▶ [Work task] Without including any images, output the listing below exactly.

▶ [Available data]
########

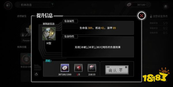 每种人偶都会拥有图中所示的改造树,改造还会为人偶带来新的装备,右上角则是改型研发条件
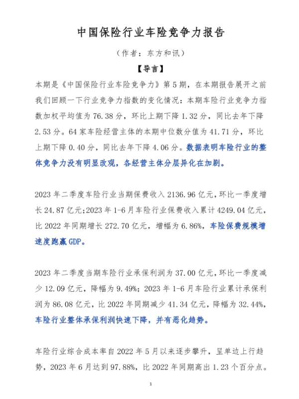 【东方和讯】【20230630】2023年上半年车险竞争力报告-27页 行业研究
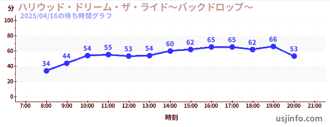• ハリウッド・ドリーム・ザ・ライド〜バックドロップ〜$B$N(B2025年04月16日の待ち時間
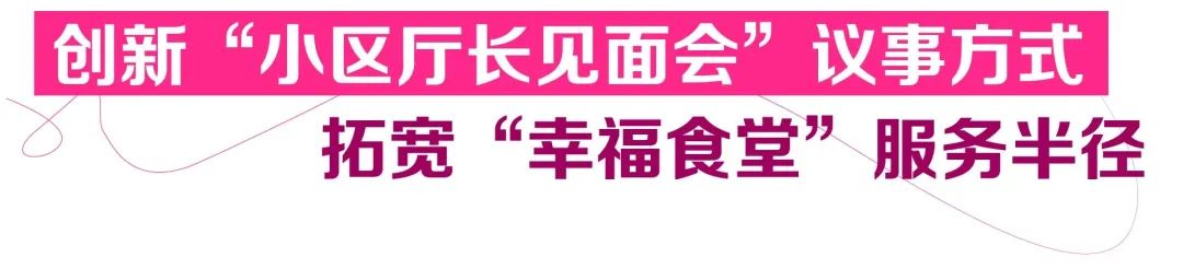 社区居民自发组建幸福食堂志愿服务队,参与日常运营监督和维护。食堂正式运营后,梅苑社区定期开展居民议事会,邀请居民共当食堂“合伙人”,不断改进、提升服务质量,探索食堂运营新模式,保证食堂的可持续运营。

########

▶ [Written response]
 每种人偶都会拥有图中所示的改造树,改造还会为人偶带来新的装备,右上角则是改型研发条件
 【东方和讯】【20230630】2023年上半年车险竞争力报告-27页 行业研究
• ハリウッド・ドリーム・ザ・ライド〜バックドロップ〜$B$N(B2025年04月16日の待ち時間
 社区居民自发组建幸福食堂志愿服务队,参与日常运营监督和维护。食堂正式运营后,梅苑社区定期开展居民议事会,邀请居民共当食堂“合伙人”,不断改进、提升服务质量,探索食堂运营新模式,保证食堂的可持续运营。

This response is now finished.